Contemptible, and its Opposite

The Brits are gone. Whatever England was for the last thousand years of its history, it isn't anymore. It is impossible to express my contempt, not so much for the disgraceful behavior of the British "military" sailors who cooperated assiduously with their Iranian captors' propaganda efforts, as much for their superiors who responded by talking about how bravely and appropriately they had behaved. These people are considered British navy by the heirs of Nelson? People who do whatever their captors tell them to do because the mean old captors didn't let them sleep and (gasp! the humanity!) yelled at them?????

I simply ask you: is it possible to imagine such behavior either (a) from British officers, or even civilians, of the World War II generation that endured the Blitz, if said officers or civilians were to be captured by the Japanese or Germans, or (b) from today's American Marines or Army infantry?

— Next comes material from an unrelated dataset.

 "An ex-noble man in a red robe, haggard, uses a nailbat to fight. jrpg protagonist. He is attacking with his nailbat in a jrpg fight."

I can't link off-hand to the descriptions of how the American P.O.W's in Vietnam behaved -- where each man, despite being kept in permanent solitary confinement, would endure day after day of torture (not the "torture" that Americans are accused of imposing on modern terrorists, but genuine torture), pushing themselves to the absolute limits of human endurance, because each knew that every day they held out was a day that their brother officers' torture was postponed. But I can link to these reminiscenses of one of the American Marines who was taken hostage by this same President of Iran and his buddies, back in the days when Jimmy Carter's residence in the White House gave thugs all over the world the confidence that they could abuse Americans with complete impunity. This is how actual soldiers behave when they are surrounded and ultimately captured.

Spare me, by the way, the "how would you have behaved in that situation, and how can you pass judgment?" If I were a soldier, and if I had received the training and inherited the sense of honor and duty that American soldiers receive and inherit, then I firmly believe I would have behaved far more like an American POW than like the British collaborators of last week. For the American military produces American military men. What do you think are the odds that this bunch of national disgraces will receive the same treatment from their peers and government that lone collaborator Army Sgt. Joe Subic received?

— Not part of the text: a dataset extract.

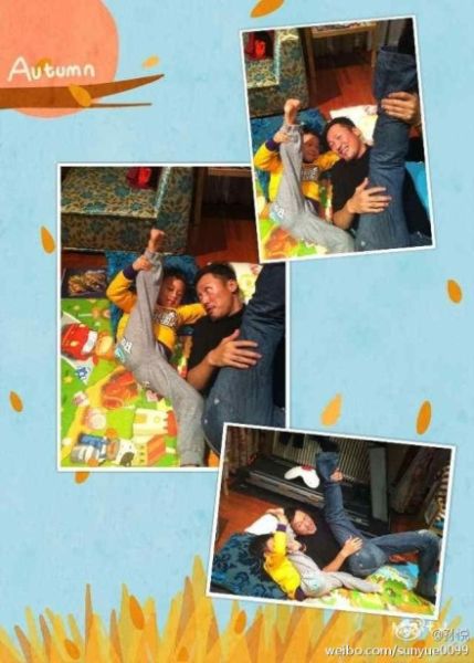 昨晚,孙悦在微博中晒出儿子与干爹同展身手的照片,照片中调皮的儿子与干爹平躺在床上将腿抬高,互相比试身手,孙悦也在一旁打趣道,“少林武功揍是这么练出来的。” (七仔)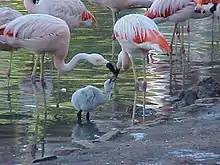 Привязка птенца фламинго к родителям наступает ещё до того, как он вылупился из яйца, когда птенец в яйце начинает издавать звуковые сигналы. У красного, розового, чилийского и малого фламинго этот момент наступает на 26 день инкубации или чуть раньше. После этого не рекомендуется забирать яйцо или птенца от родителей[26]. Фламинго кормят птенцов «молоком». У розовых фламинго в неволе этот корм содержит 15 % жиров, 8—9 % белков и 0,1—0,2 % углеводов[27].

HT: John Derbyshire, a former Englishman who, unlike the Brits' commanding officers, is not an admirer of the captives' contemptible behavior.

1 Comments:

At 6:17 PM, Blogger Ken Pierce said...

[grinning] You keep using that word. I do not think it means what you think it means.

Seriously, if you believe that (a) the "torture" we apparently use from time to time in terrorist iterrogations is the same as the torture that the Vietnam POW's went through, and (b) that the terrorists are morally and legally analogous to our POW's...why, then if you go with those two assumptions then there would be relevance to your comment. But of course I firmly deny both of those two assumptions.

I know I have to get back to that discussion and finish it sometime. I promise I will eventually.